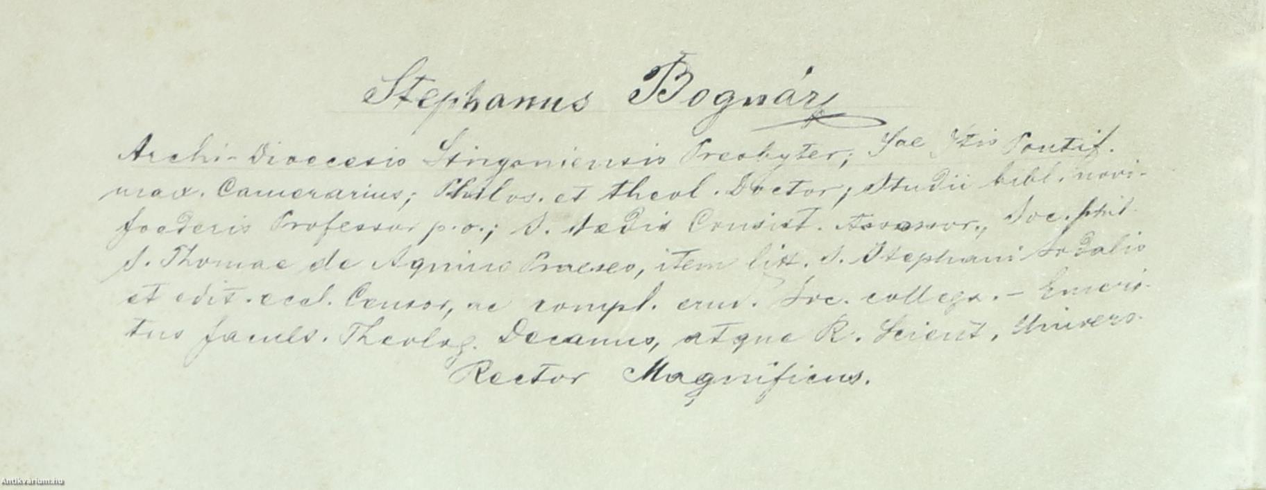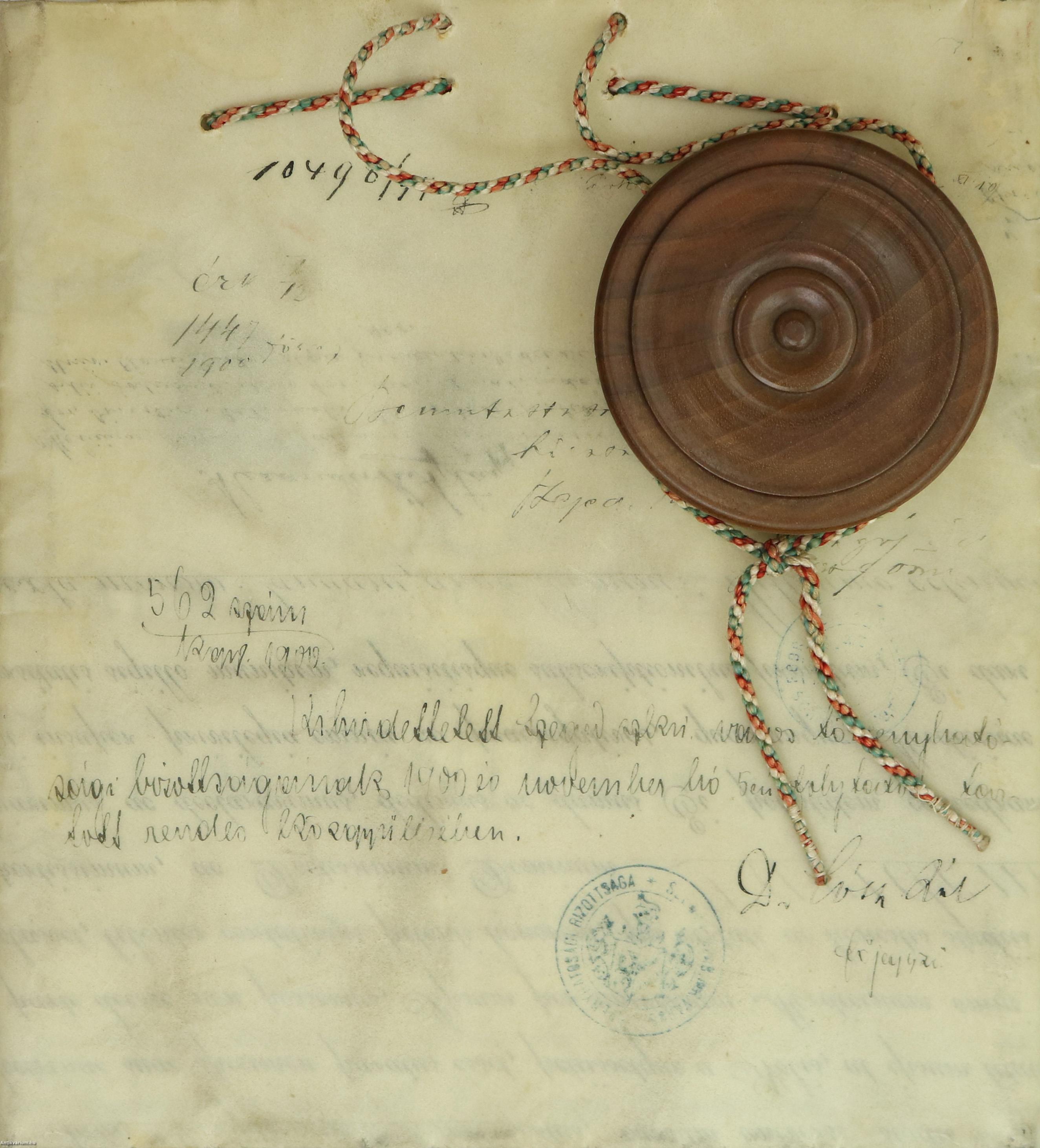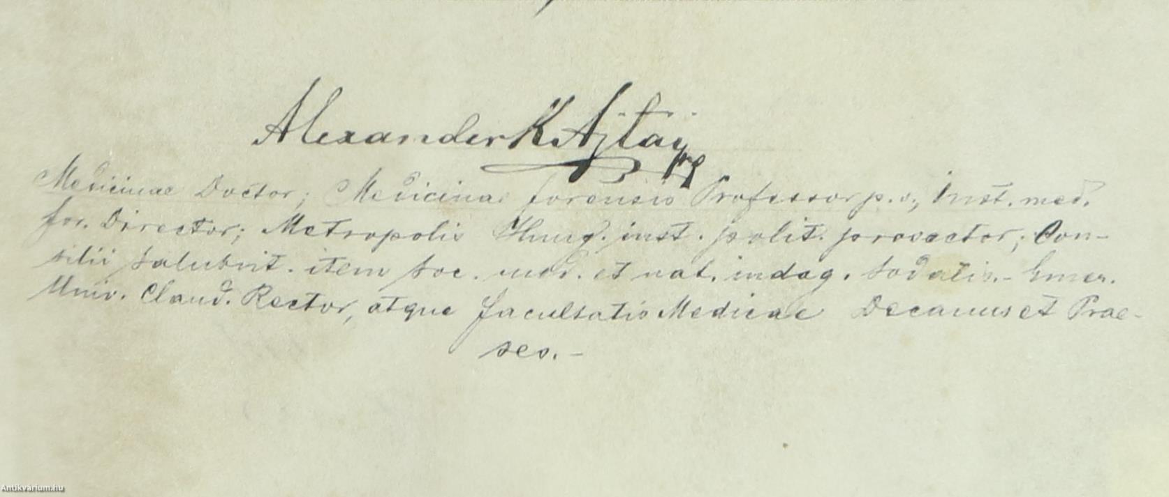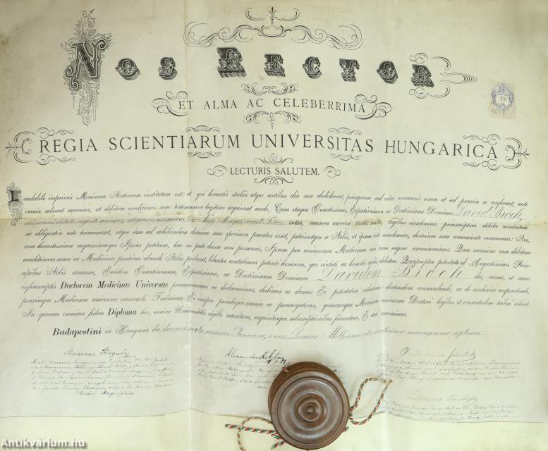 Bognár István, a Budapesti Tudományegyetem rektora, valamint Ajtay K. Sándor és Ludovicus Thanhoffer, az egyetem orvosi karának dékánjai által aláírt példány.Nos Rector Et Alma Ac Celeberrima Regia Scientiarum Universitas Hungarica – Latin nyelvű orvosi diploma, 1897.
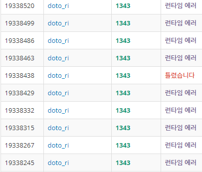 심지어 엄청난 런타임 에러때문에 식은땀을 흘렸다... 그러나 아직도 왜 런타임 에러가 뿜뿜했는지 정말 모르겠다.....ㅠㅠ ![]() |
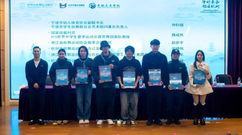 近日,杭州市街舞运动协会青年街舞队成立大会在我校举行。宁波市幼儿体育协会副秘书长、宁波市学生街舞联合会总负责仲轩熠,国家级裁判、U15世界中学生夏季运动会霹雳舞国家队教练魏成然,浙江省街舞运动协会常务理事、裁委会副主任赵彦宇,浙江省街舞运动协会理事、杭州市街舞运动协会办公室主任吴晓伟,浙江育英职业技术学院SD街舞社社团指导老师杨梦乐,杭州市街舞运动协会大学生事务委员会主任吴姝娴,浙江育英职业技术学院民航交通学院辅导员胡科佳,宁波市学生街舞联合会指导教师罗红亮参加会议。
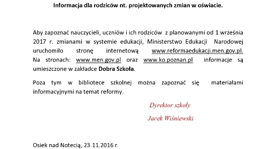 Administratorem danych osobowych w rozumieniu ustawy o ochronie danych osobowych jest: Szkoła Podstawowa im. Stanisława Staszica, 89-333 Osiek nad Notecią, ul. Szkolna 2
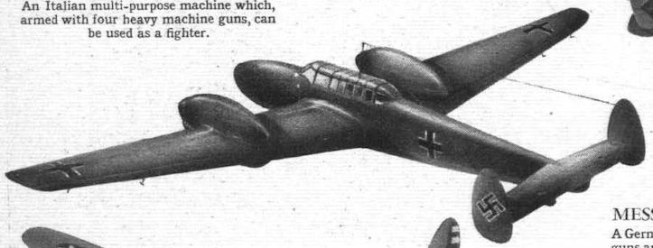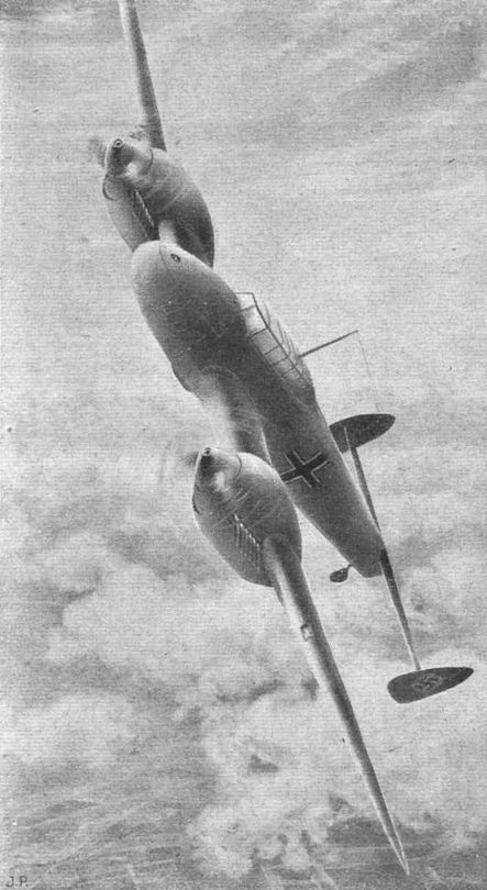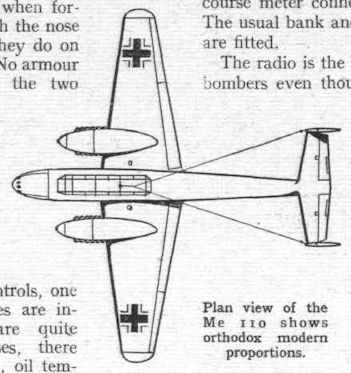 Messerschmitt Me 110 twin-engined fighter and multi-purpose machine with Daimler-Benz DB 601 engines were used in the action last week when seven Wellingtons were brought down and twelve Messerschmitts suffered the same fate. The Me 110 which mounts shell-firing guns is shown above. The Germans say it is faster than our Spitfires, but this is doubtful.
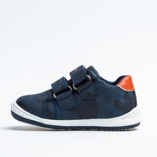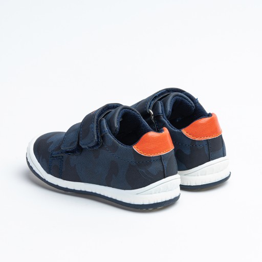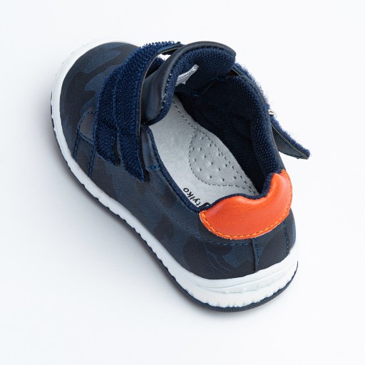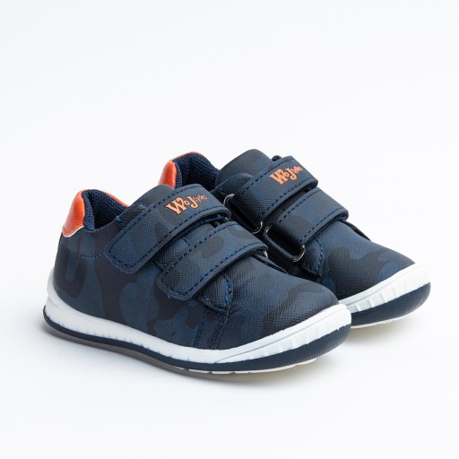 Дитяче спортивне взуття Wojtyśko. Верх виготовлений з екологічної шкіри, середина - з текстилю. Устілка натуральна шкіра. Прикрашений помаранчевими деталями та камуфляжним малюнком. Застібається на липучку.
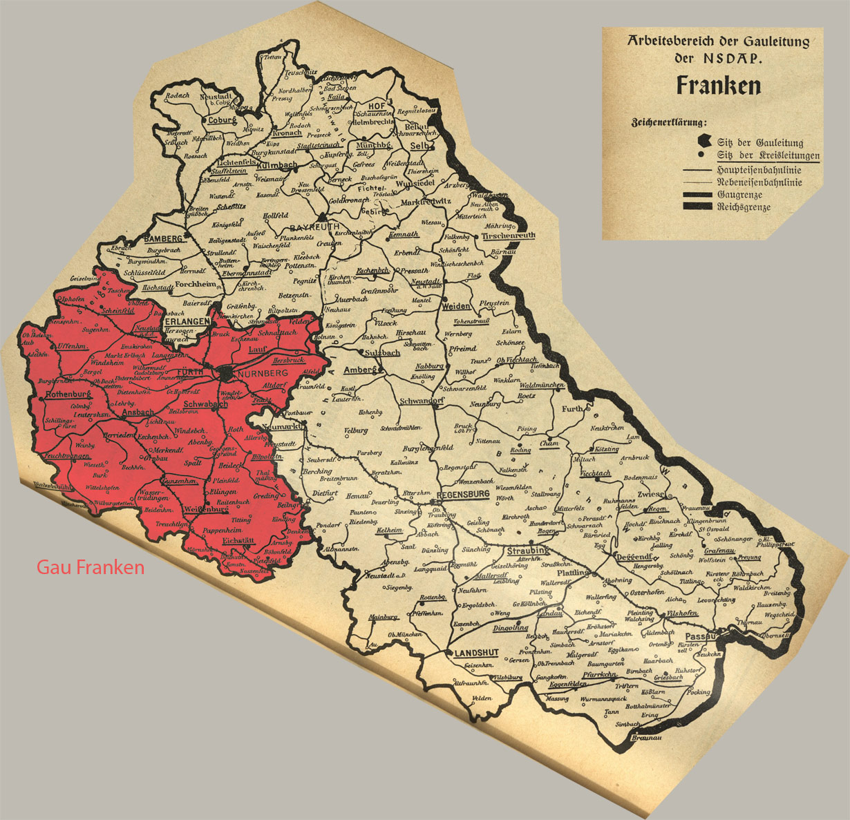 Gebiet des Gaus Franken (rot markiert). Abb. aus: Adressenwerk der Dienststellen der NSDAP mit den angeschlossenen Verbänden, des Staates, der Reichsregierung und Behörden und der Berufsorganisationen in Kultur, Reichsnährstand, gewerbliche Wirtschaft, Berlin 1937. (Bayerische Staatsbibliothek, 4 Z 38.81-1, Bearbeitung: Sonja Schweiger) HLB
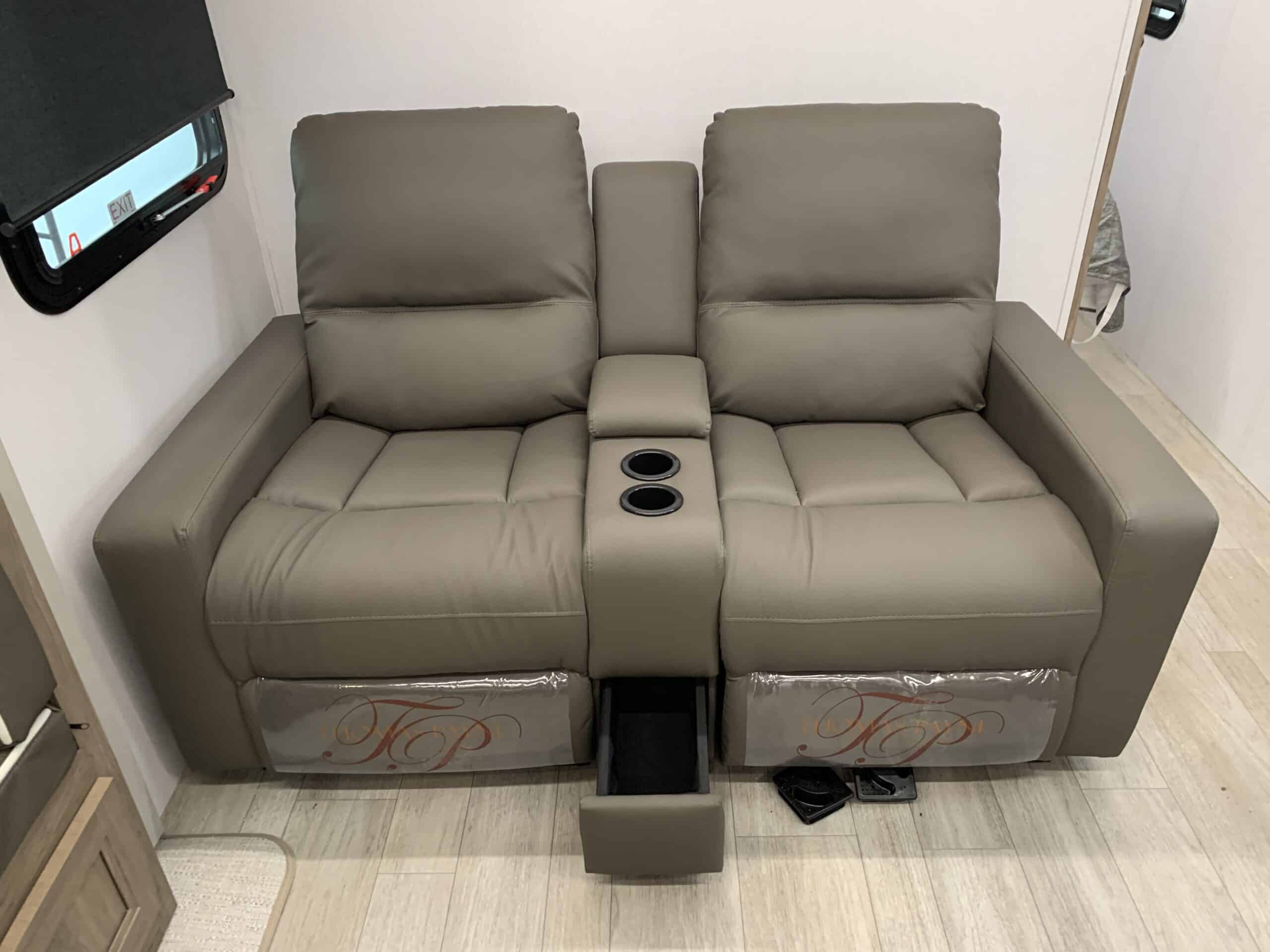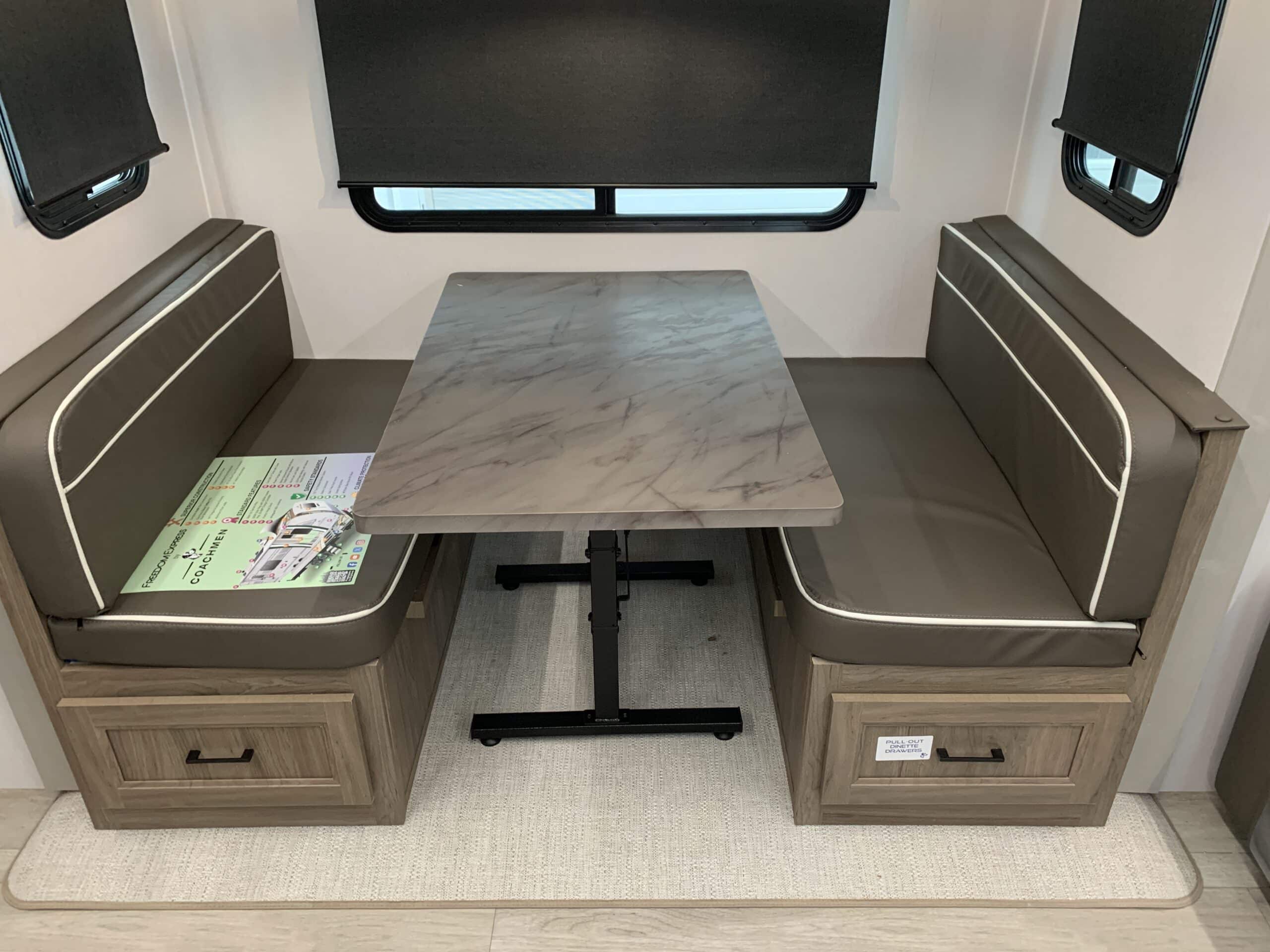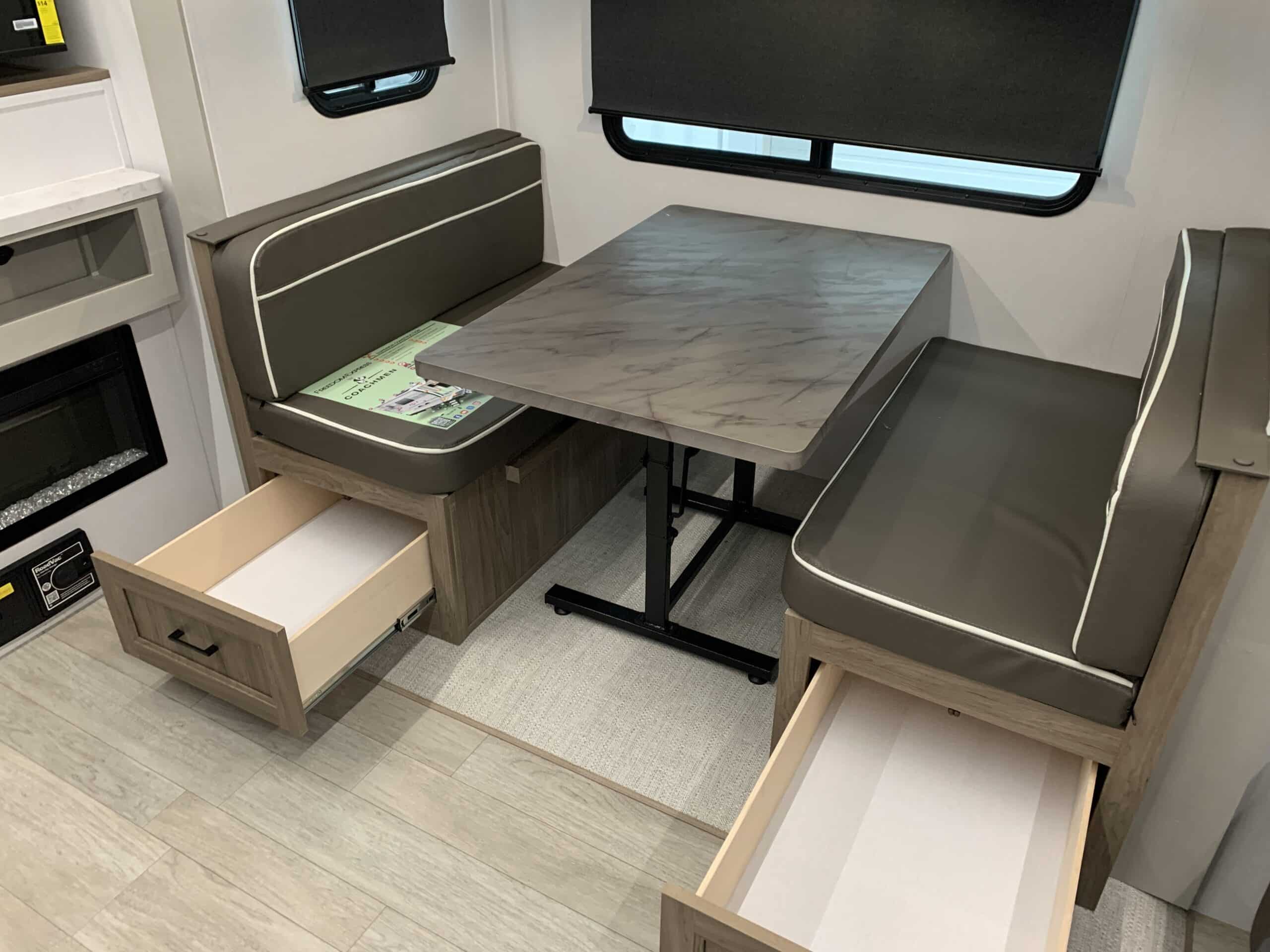 Salon central avec divan (convertible) et dinette dans un slide-out

**Task prompt**
The line containing "Gebiet des Gaus" and all lines after it, through the last line of the records, should be returned exactly. Omit the pictures.

**Answer box**
 Gebiet des Gaus Franken (rot markiert). Abb. aus: Adressenwerk der Dienststellen der NSDAP mit den angeschlossenen Verbänden, des Staates, der Reichsregierung und Behörden und der Berufsorganisationen in Kultur, Reichsnährstand, gewerbliche Wirtschaft, Berlin 1937. (Bayerische Staatsbibliothek, 4 Z 38.81-1, Bearbeitung: Sonja Schweiger) HLB
 Salon central avec divan (convertible) et dinette dans un slide-out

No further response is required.